**Exercise details:** Retype each line of the material exactly, please, skipping any picture in it.
··· Data section ···
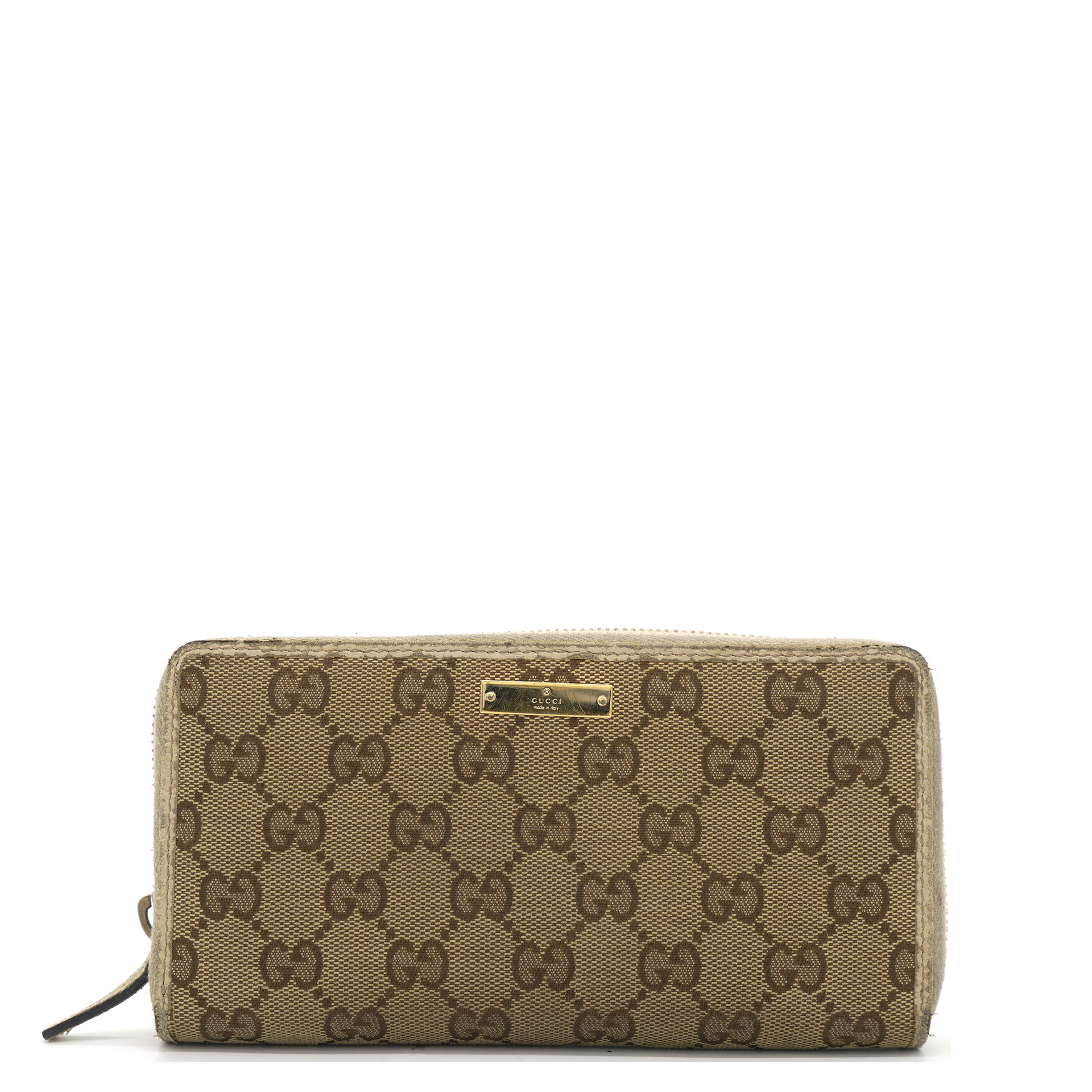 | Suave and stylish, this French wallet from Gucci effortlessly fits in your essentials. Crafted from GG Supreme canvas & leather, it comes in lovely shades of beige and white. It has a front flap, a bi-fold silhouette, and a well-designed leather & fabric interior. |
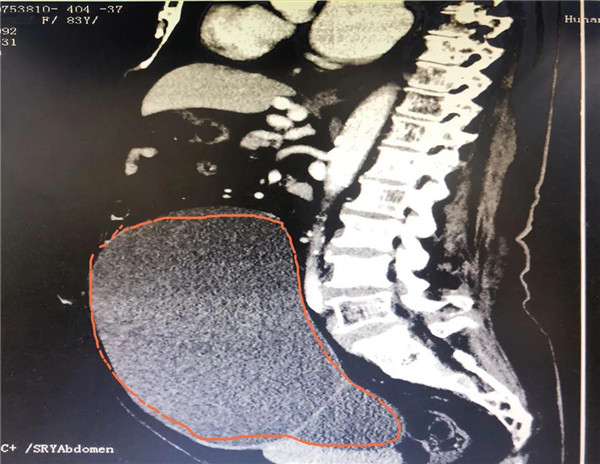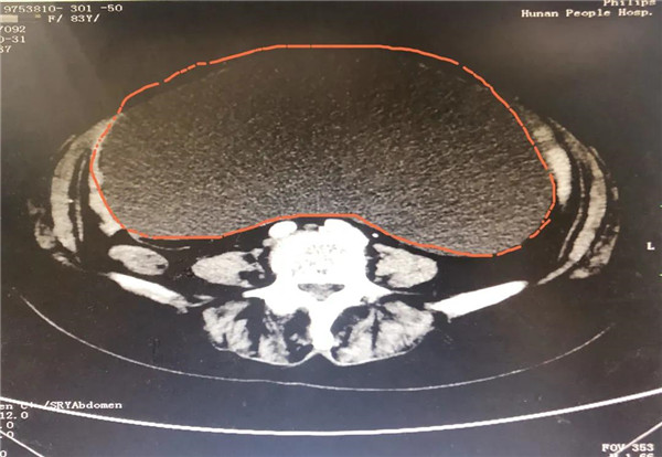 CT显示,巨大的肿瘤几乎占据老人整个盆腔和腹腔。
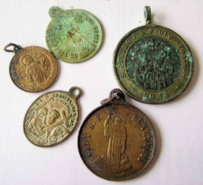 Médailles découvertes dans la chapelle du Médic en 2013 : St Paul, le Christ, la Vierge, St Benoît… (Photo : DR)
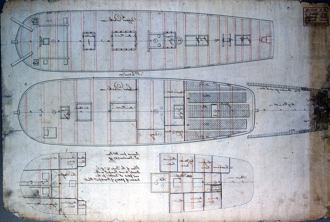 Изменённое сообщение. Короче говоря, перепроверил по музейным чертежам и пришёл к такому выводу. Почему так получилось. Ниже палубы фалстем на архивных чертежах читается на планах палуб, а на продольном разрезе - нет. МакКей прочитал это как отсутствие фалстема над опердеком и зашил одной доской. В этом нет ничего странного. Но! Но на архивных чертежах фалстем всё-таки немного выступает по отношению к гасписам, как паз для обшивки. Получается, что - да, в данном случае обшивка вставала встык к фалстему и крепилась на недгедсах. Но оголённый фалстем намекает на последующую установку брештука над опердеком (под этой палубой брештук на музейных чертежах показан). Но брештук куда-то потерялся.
···
**Output:**
 | Suave and stylish, this French wallet from Gucci effortlessly fits in your essentials. Crafted from GG Supreme canvas & leather, it comes in lovely shades of beige and white. It has a front flap, a bi-fold silhouette, and a well-designed leather & fabric interior. |
 CT显示,巨大的肿瘤几乎占据老人整个盆腔和腹腔。
 Médailles découvertes dans la chapelle du Médic en 2013 : St Paul, le Christ, la Vierge, St Benoît… (Photo : DR)
 Изменённое сообщение. Короче говоря, перепроверил по музейным чертежам и пришёл к такому выводу. Почему так получилось. Ниже палубы фалстем на архивных чертежах читается на планах палуб, а на продольном разрезе - нет. МакКей прочитал это как отсутствие фалстема над опердеком и зашил одной доской. В этом нет ничего странного. Но! Но на архивных чертежах фалстем всё-таки немного выступает по отношению к гасписам, как паз для обшивки. Получается, что - да, в данном случае обшивка вставала встык к фалстему и крепилась на недгедсах. Но оголённый фалстем намекает на последующую установку брештука над опердеком (под этой палубой брештук на музейных чертежах показан). Но брештук куда-то потерялся.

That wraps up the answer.